Labelling is performed with the aim of categorizing comments into negative or positive categories, by giving a value as a marker. Positive sentiment comments are given a value of 1 and negative will be given a value of 0. This labelling process is carried out by a team of three annotators. The labelling example is in Table 1 and Table 2.

Table 2 shows an example of sample comment data containing positive and negative values.

2.3. BERT Input Representation

Before BERT is trained with a dataset, the dataset must be preprocessed or adjusted to an input representation that can be accepted by BERT. Therefore, the process of preparing sentences into input representations in BERT is carried out by a tokeniser, through several steps. The first step converts the tokenised sentence into words and sub-words using WordPiece. In tokenising into a word, the tokeniser checks that each word in the sentence is in the vocabulary. If there is data that is not in the vocabulary, then the word will be broken down into sub-words that are most likely to appear in the vocabulary. If the tokeniser does not find any sub-words in the vocabulary, the word will be broken down per character. However, if all words are converted into sub-words or individual characters, overload may occur. To handle this, words that do not exist in the vocabulary are replaced with [UNK] or unknown tokens. However, if all words are converted into such tokens, a lot of information will be lost. Therefore, BERT breaks the words into sub-words by adding the ## symbol.
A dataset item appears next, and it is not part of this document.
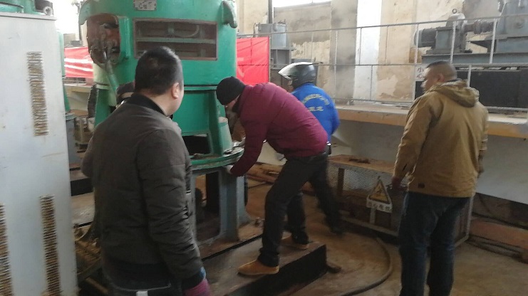 2018年3月10日上午7點(diǎn),蘇南帶領(lǐng)機(jī)電工修理六圩閘5號(hào)機(jī)組。(現(xiàn)在池塘要水高峰,機(jī)組長(zhǎng)時(shí)間運(yùn)作導(dǎo)致多處螺絲脫落和松動(dòng))。(蘇南)

This approach is taken by BERT with two objectives, firstly, to speed up processing and reduce the number of parameters to be trained, and secondly, to overcome the out-of-vocabulary problem.
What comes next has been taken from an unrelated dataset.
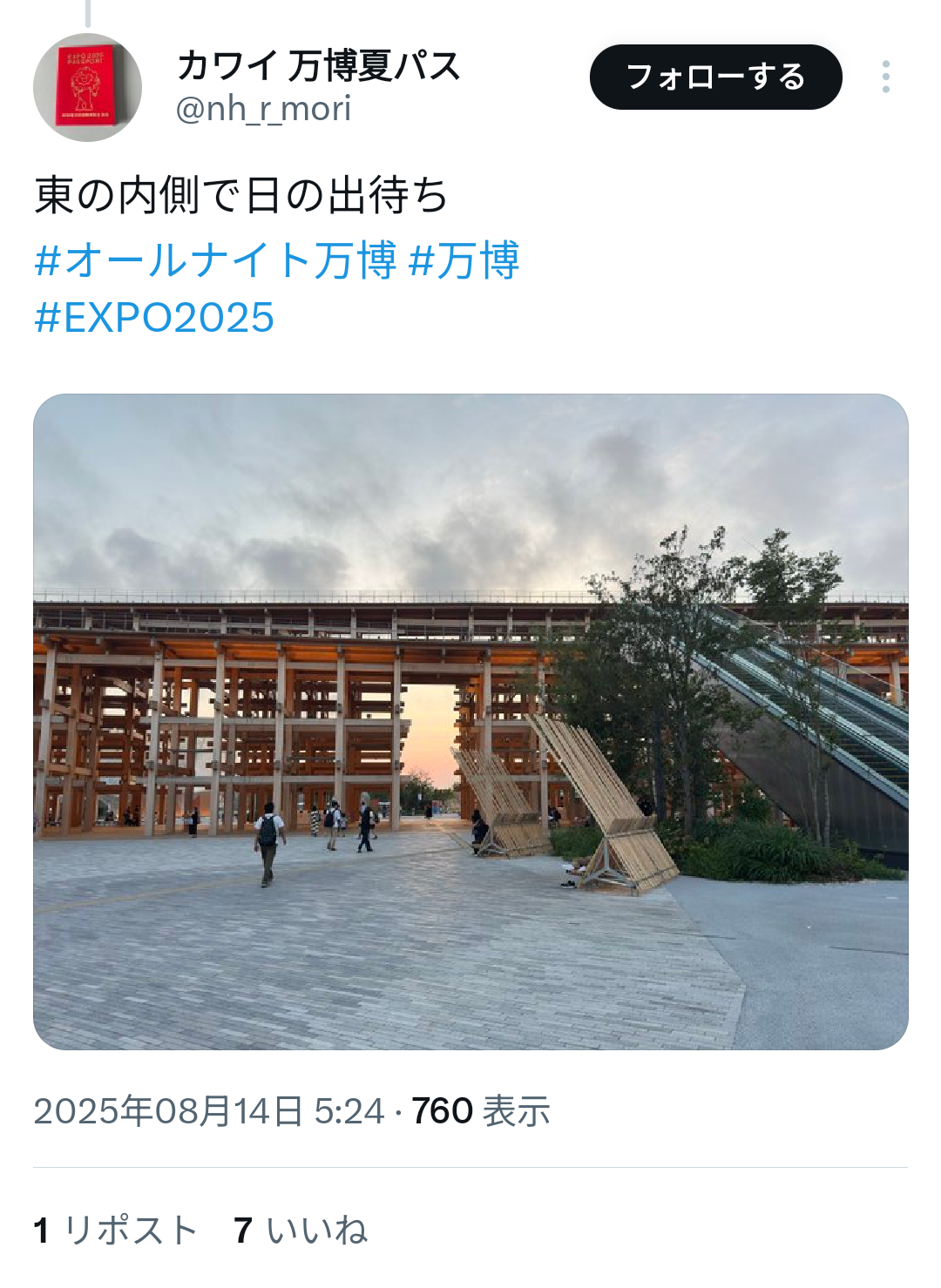 大屋根リングで野宿してみたいわ羨ましい

For example, in the input sentence “the density of air pollution in Jakarta”, every word in the sentence will be checked in the vocabulary, examining if there is a word that is not in the vocabulary. For example, the word “concentrated” is not in the vocabulary. Thus, the word “pekatnya” becomes a sub-word “pekat” and “##nya” where the first token often appears in the vocabulary while the second token begins with ## to indicate that the token is a suffix that follows another sub-word.

Furthermore, each sentence in BERT is given special tokens, namely [CLS] placed at the beginning of the sentence and [SEP] at the end of the sentence. The [CLS] token serves as an indicator of the beginning of a sentence and also as a sentiment representation during sentiment classification. Meanwhile, the [SEP] token is used to separate one sentence from the next. Sentences that have been given these special tokens will become token embeddings in the analysis process by the BERT model. After that, each sentence is adjusted to a predetermined maximum length by reducing or padding using a special token [PAD]. This process is performed so that all sentences have a uniform length, making it easier to process data, especially when used in models that require a consistent input size.

Next, each sentence is matched with a unique number or ID according to the vocabulary, and the unique number is stored as an ID token. These unique numbers or IDs are obtained during the model training process, where each word, sub-word, and character in the vocabulary has its own unique ID or number. These IDs are obtained based on the word indices in the vocabulary, which are organized based on their occurrence. Words and sub-words must be converted into IDs because the pre-trained BERT model can only understand the IDs of tokens. The overall result of the process of converting sentences into BERT input representation can be seen in Figure 3.

At this stage, sentence embedding is assigned to each sentence to distinguish between the first sentence, second sentence, or padding. This process usually involves assigning value 1 to the first sentence and value 0 to the token padding. The tokeniser can identify the first sentence and the padding token through the [SEP] token, which serves as a separator between two sentences in the text.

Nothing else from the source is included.